PROJECT SUMMARY/ABSTRACT:
The polycomb repressive complex 2 (PRC2) complex establishes and maintains di- and tri-methylation of the
histone H3 at lysine 27 (H3K27me2/3) in the genome and regulates chromatin structure, transcription, cellular
stemness and differentiation. PRC2 is a context-dependent tumor suppressor whose core components (e.g.,
EZH2, EED, or SUZ12) are inactivated in various cancer types. Among these, high-grade malignant peripheral
nerve sheath tumor (MPNST), an aggressive soft tissue sarcoma with no effective therapies, has a high
prevalence (=80%) of biallelic inactivation of EED or SUZ12, leading to complete loss of the PRC2 function.
PRC2 loss in cancer results in aberrant transcriptional activation of developmentally silenced master regulators,
which leads to enhanced cellular plasticity and aberrant activation of multiple signaling pathways.
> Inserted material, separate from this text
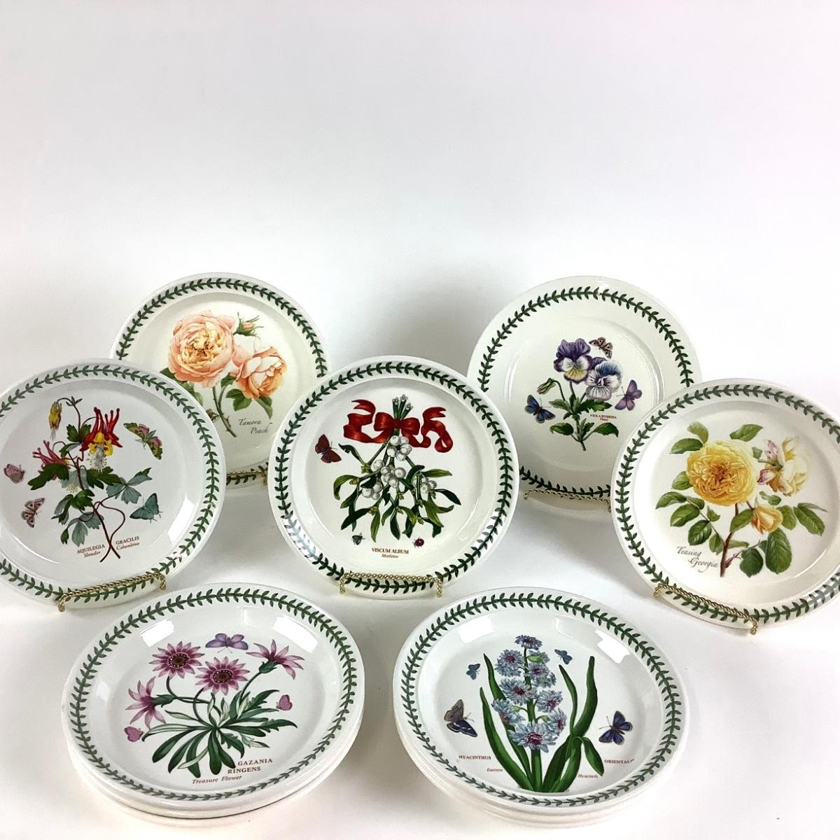 Lot of ten 8.5"Dia vintage and newer white and floral salad plates by Portmeirion in the Botanic Garden pattern. Some with vintage and some with new backstamps..

We recently
uncovered that PRC2 loss in cancer leads to an immune-desert tumor microenvironment and resistance to
immune checkpoint blockade. Nevertheless, we observed that, in murine models of PRC2-loss MPNST and
mammary tumors, response to immunotherapy can be enhanced by infection with immunogenic virus, which
activates double-stranded RNA (dsRNA) signaling responses. Moreover, we have identified and validated a
lethal interaction between PRC2 loss and DNA methyltransferase 1 (DNMT1) knockdown in MPNST. In vitro and
in vivo treatment with a demethylating agent (decitabine) or selective DNMT1 inhibitors (GSK862, GSK032) led
to enhanced cytotoxicity and antitumor effects in PRC2-loss compared to PRC2 wild-type (wt) MPNST models.
Mechanistically, DNMT inhibitor (DNMTi) treatment in the PRC2-loss context amplified the expression of
endogenous retrotransposons and subsequently led to activation of innate immune responses, which could be
explained by retrotransposons forming dsRNA and triggering cytotoxicity via PKR-dependent dsRNA sensing.
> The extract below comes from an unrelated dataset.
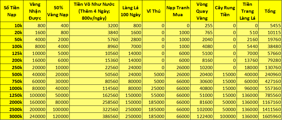 Trong thời gian event nạp 1 lần đạt mức chỉ định , nhận trả lễ vàng .
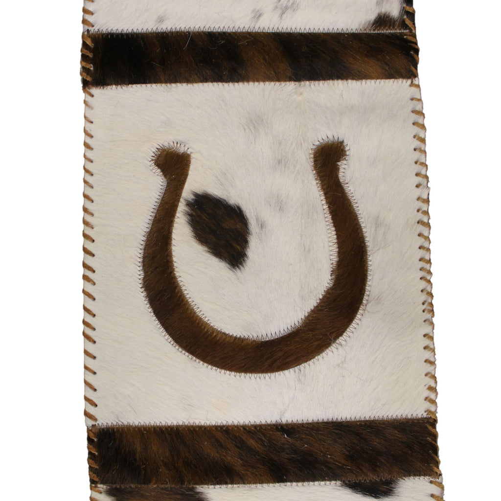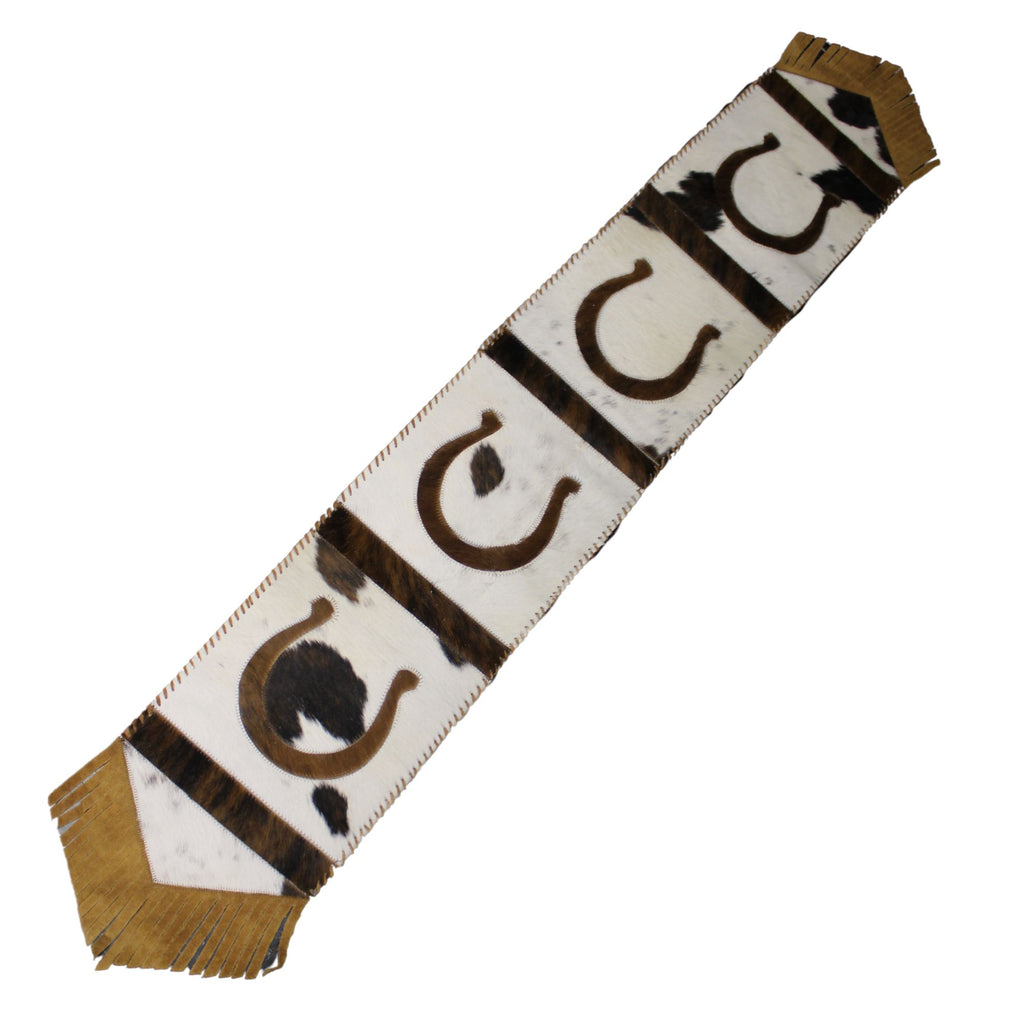 Horseshoe Pattern Cowhide Table Runner on Gray Cowhide

we hypothesize that PRC2 loss in cancer may create therapeutic opportunities for agents (e.g., DNMTi, synthetic
dsRNA, immunogenic viruses) that activate the dsRNA signaling pathways in tumor cells to induce cytotoxicity
and enhance immunogenicity. Here, we propose integrative multi-omics analysis (e.g., transcriptome,
epigenome, single-cell [sc]RNA-seq and scATAC-seq) and innovative approaches (e.g., novel immunogenic
viruses, a novel lineage-tracking system) to evaluate novel therapeutic strategies and their mechanisms of
activating dsRNA responses and anti-tumor effects in relevant PRC2-loss cancers, focusing on specific aims:
(1) dissect the molecular mechanisms that underlie the selective sensitivity to DNMTi in different PRC2-loss
cancers; (2) evaluate exogenous dsRNAs as a strategy to induce cytotoxicity in PRC2-loss tumors; and (3)
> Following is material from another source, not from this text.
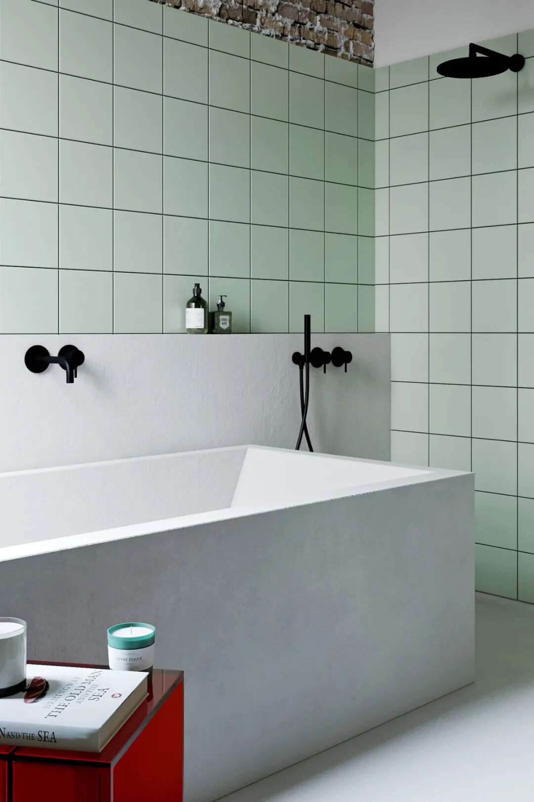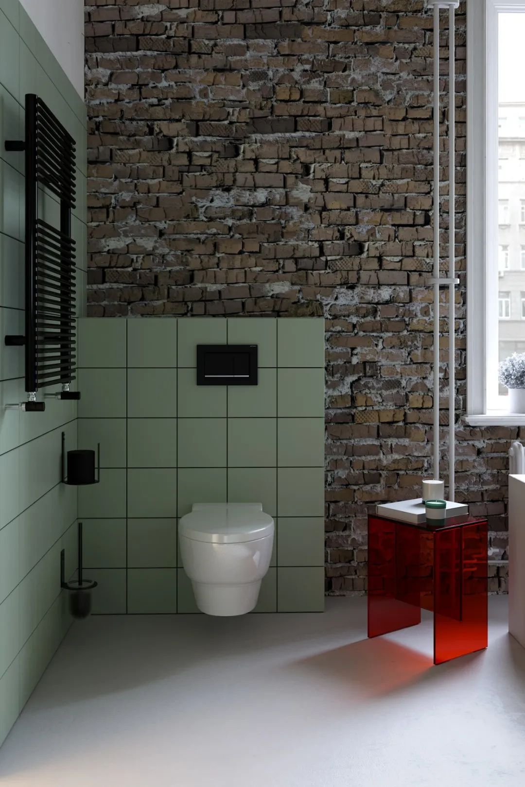 卫生间内也保留了一部分砖墙,旁边还有红色的亚克力边桌,历史与现代的碰撞在这里体现的淋漓尽致。

evaluate novel therapeutic strategies of activating dsRNA-responses in relevant cancer models. These studies
will generate insights into exploiting dsRNA-sensing and activation of innate immune responses as therapeutic
strategies in PRC2-loss cancers and provide the pivotal preclinical data for biomarker-driven clinical trials.